- [Assigned task] No pictures belong in the copy. Restate the rest of the data exactly.
** Exercise materials follows **
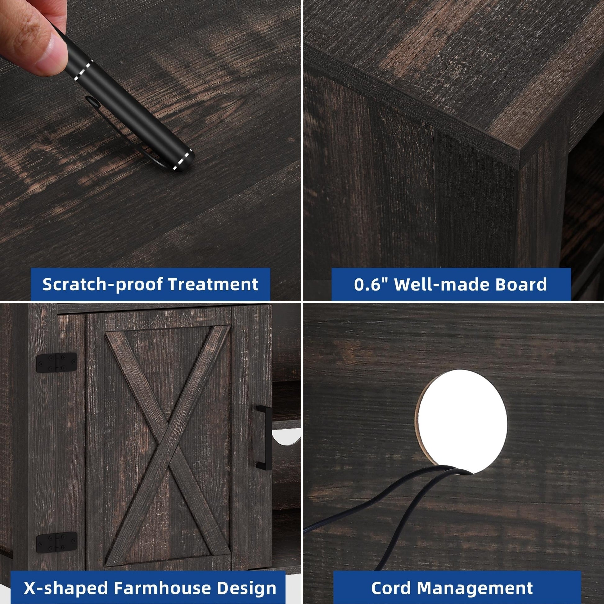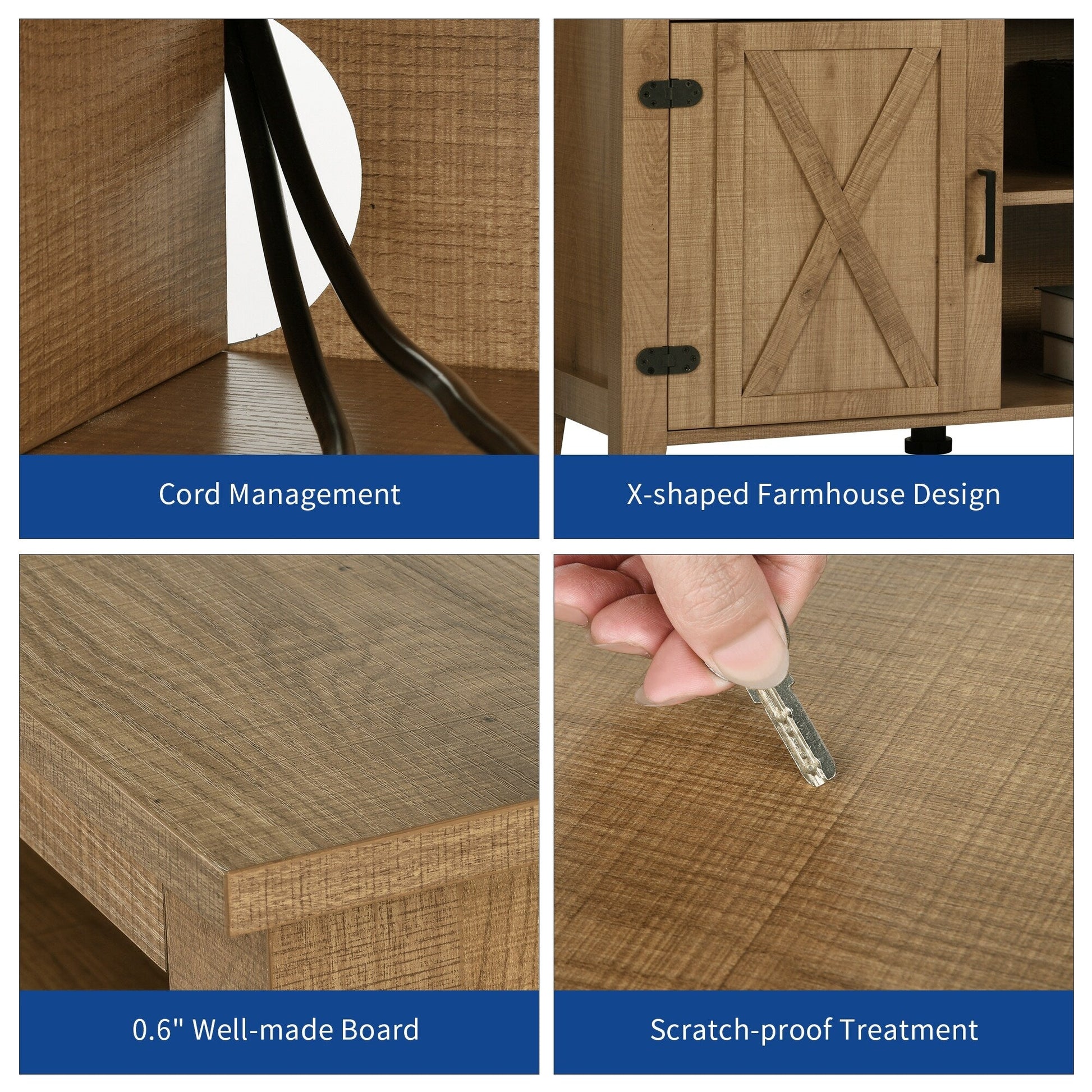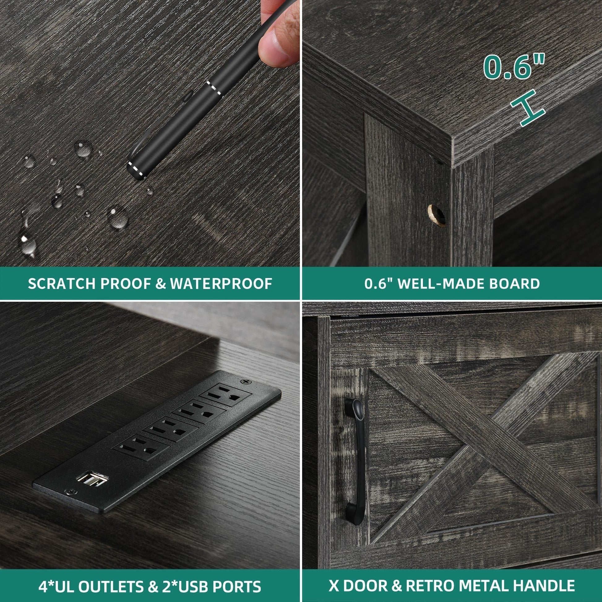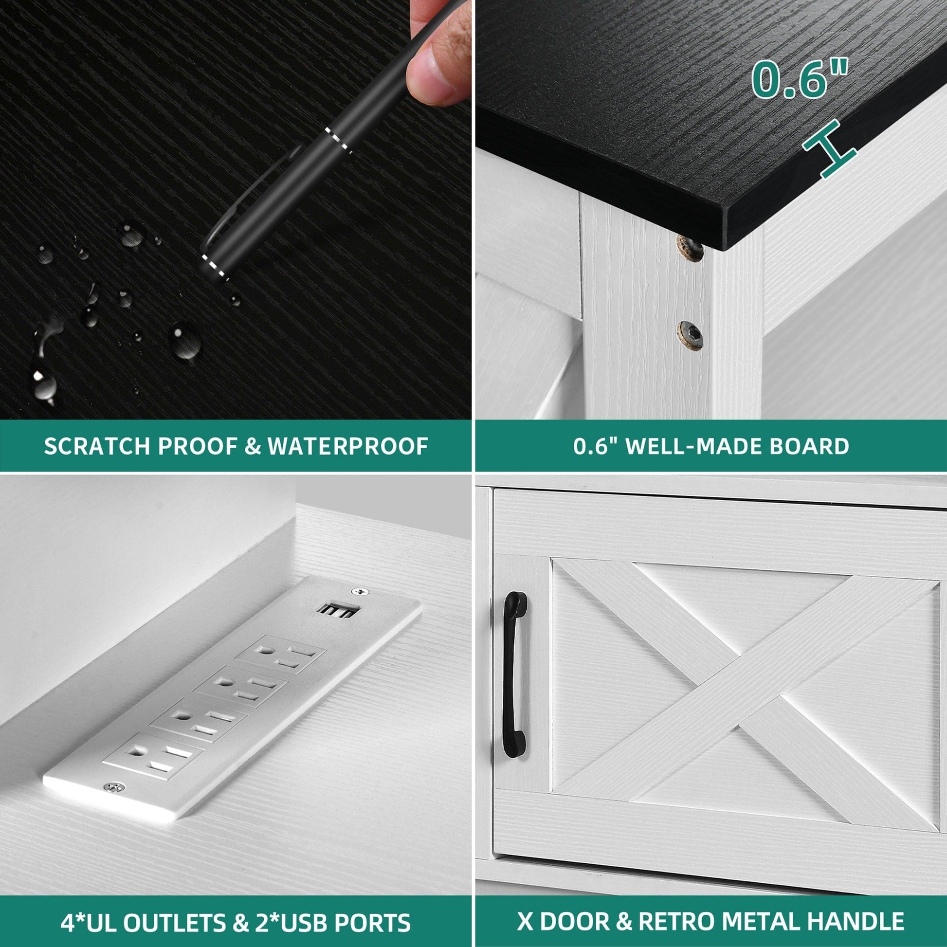 Meuble TV Farmhouse pouvant accueillir jusqu'à 65 téléviseurs avec portes et étagères ouvertes Console multimédia Prise de courant
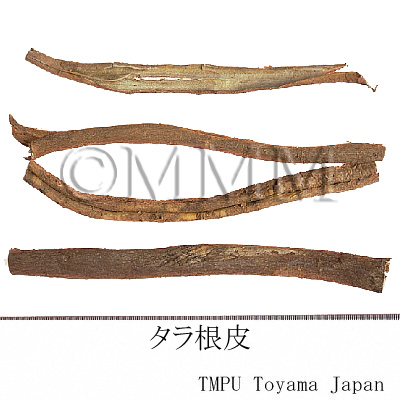 | 一般生薬名 | たら根皮, Tarakompi, たらの木, Taranoki, Araliae Radicis Cortex (Non-JPS202), Aralia Elata Root Bark (Non-JPS2022) |
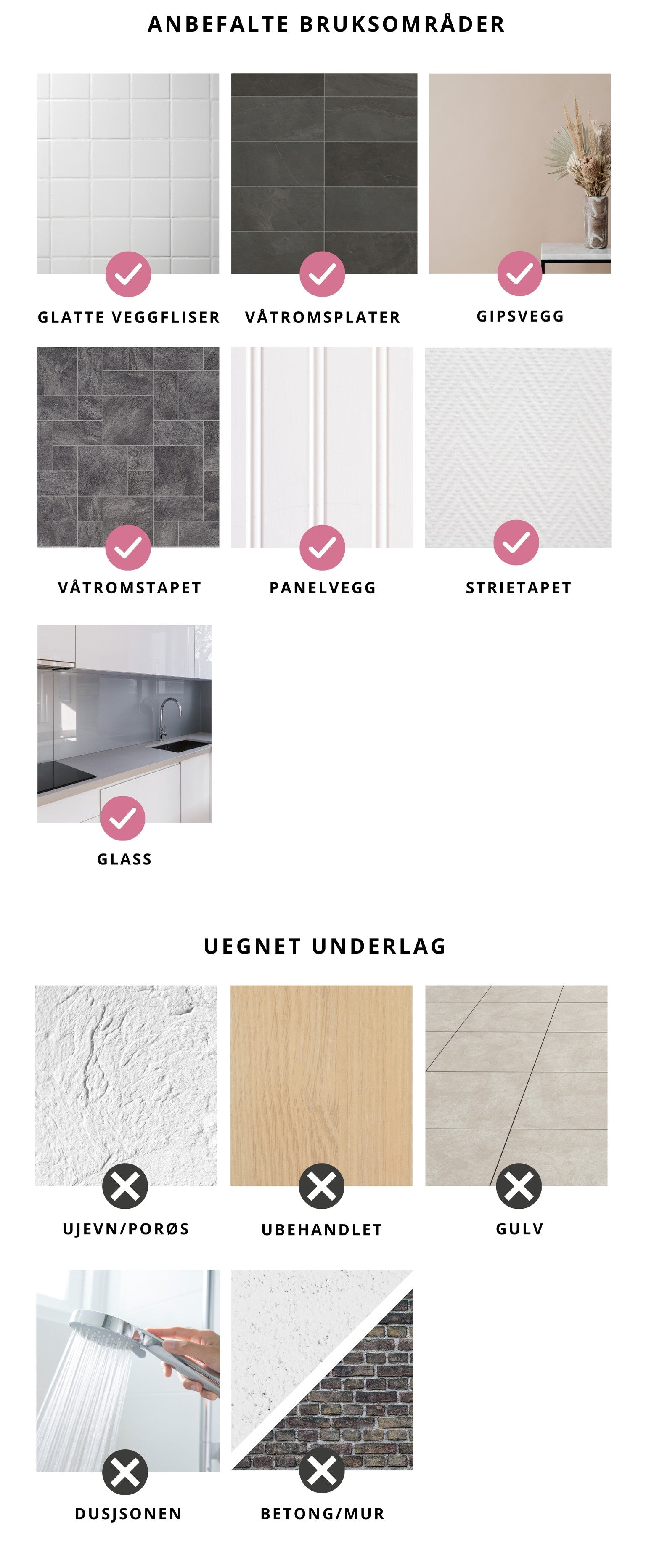 Flisene har selvklebende bakside som gjør monteringen enkel. Du fjerner bare beskyttelsesfilmen og fester flisene direkte på en glatt og ren veggflate. De kan også tilpasses med tapetkniv ved behov. Overflaten tåler daglig bruk og er enkel å holde ren.
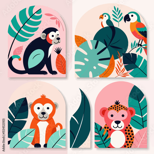Obraz premium Cute Jungle Animal Art Prints-Colorful Monkeys Parrots and Tropical Leaves-Modern Kids Room Decor-Playful Animal Illustrations for Nursery Walls
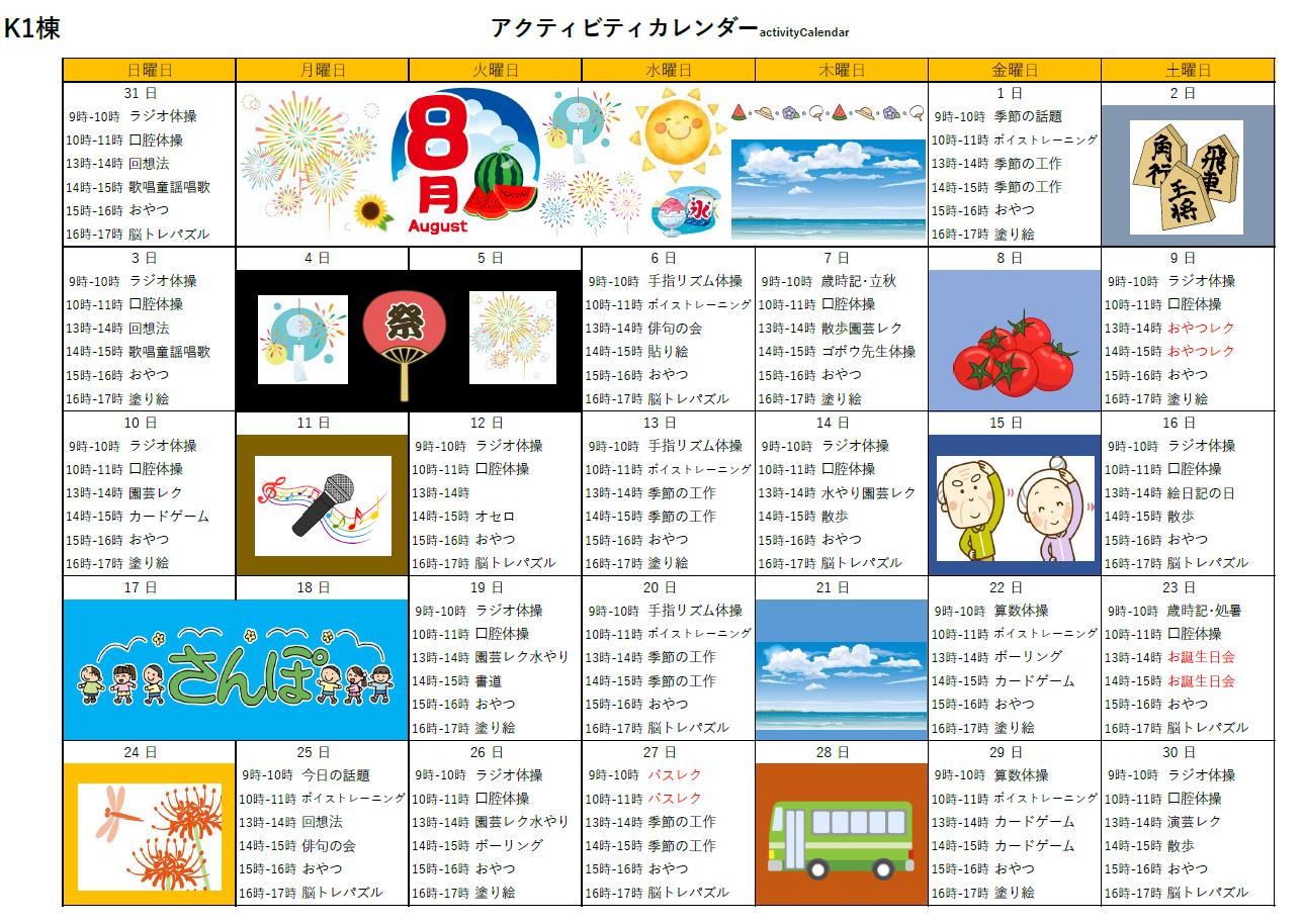アクティビティーカレンダー掲載のお知らせ(2025年8月)【はーとふる東山】
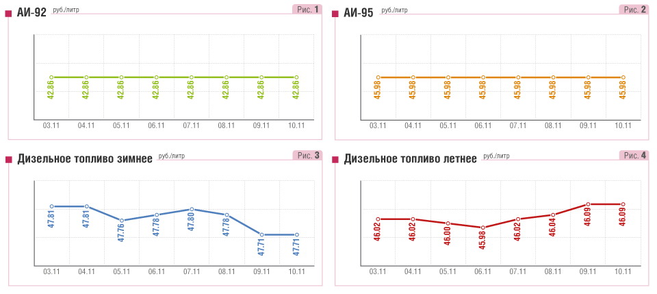По отношению к 10 ноября 2018 года средняя цена на бензин 92 повысилась на +2,78% (+1,16 руб./литр), на АИ-95 — на +3,09% (+1,38 руб./литр), на дизельное топливо зимнее — на +5,30% (+2,40 руб./литр), на дизельное топливо летнее — на +4,56% (+2,01 руб./литр).
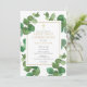 Apresentando a folhagem de eucalipto verde e um elegante crucifixo de ouro, este primeiro convite de comunhão sagrado chic pode ser personalizado com suas informações especiais. Projetado por Thisnotme©
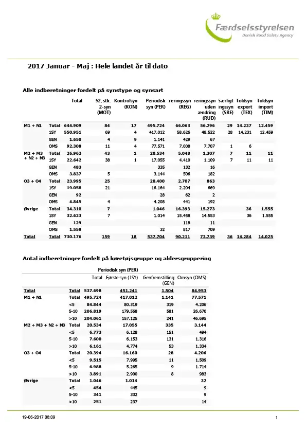 Månedsrapport over fejl- og omsynsprocenter - Hele landet - Maj - 2017
** End of Exercise materials **
- [Task response]
 Meuble TV Farmhouse pouvant accueillir jusqu'à 65 téléviseurs avec portes et étagères ouvertes Console multimédia Prise de courant
 | 一般生薬名 | たら根皮, Tarakompi, たらの木, Taranoki, Araliae Radicis Cortex (Non-JPS202), Aralia Elata Root Bark (Non-JPS2022) |
 Flisene har selvklebende bakside som gjør monteringen enkel. Du fjerner bare beskyttelsesfilmen og fester flisene direkte på en glatt og ren veggflate. De kan også tilpasses med tapetkniv ved behov. Overflaten tåler daglig bruk og er enkel å holde ren.
Obraz premium Cute Jungle Animal Art Prints-Colorful Monkeys Parrots and Tropical Leaves-Modern Kids Room Decor-Playful Animal Illustrations for Nursery Walls
アクティビティーカレンダー掲載のお知らせ(2025年8月)【はーとふる東山】
По отношению к 10 ноября 2018 года средняя цена на бензин 92 повысилась на +2,78% (+1,16 руб./литр), на АИ-95 — на +3,09% (+1,38 руб./литр), на дизельное топливо зимнее — на +5,30% (+2,40 руб./литр), на дизельное топливо летнее — на +4,56% (+2,01 руб./литр).
 Apresentando a folhagem de eucalipto verde e um elegante crucifixo de ouro, este primeiro convite de comunhão sagrado chic pode ser personalizado com suas informações especiais. Projetado por Thisnotme©
 Månedsrapport over fejl- og omsynsprocenter - Hele landet - Maj - 2017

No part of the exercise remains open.